╭──
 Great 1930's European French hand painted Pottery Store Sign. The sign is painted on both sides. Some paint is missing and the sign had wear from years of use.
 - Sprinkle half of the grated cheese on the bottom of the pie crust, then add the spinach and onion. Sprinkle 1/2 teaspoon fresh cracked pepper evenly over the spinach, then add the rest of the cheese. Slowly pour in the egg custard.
╰──
╭──
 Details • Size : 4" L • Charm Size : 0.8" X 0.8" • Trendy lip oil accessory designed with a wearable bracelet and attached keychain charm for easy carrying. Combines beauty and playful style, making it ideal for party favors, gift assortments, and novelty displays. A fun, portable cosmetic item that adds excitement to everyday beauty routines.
╰──
Description of the task: In the listing above, the lines from the one containing "Great 1930's European" through the one containing "- Sprinkle half" must be set down exactly, with no other lines.

Exercise solution:
 Great 1930's European French hand painted Pottery Store Sign. The sign is painted on both sides. Some paint is missing and the sign had wear from years of use.
 - Sprinkle half of the grated cheese on the bottom of the pie crust, then add the spinach and onion. Sprinkle 1/2 teaspoon fresh cracked pepper evenly over the spinach, then add the rest of the cheese. Slowly pour in the egg custard.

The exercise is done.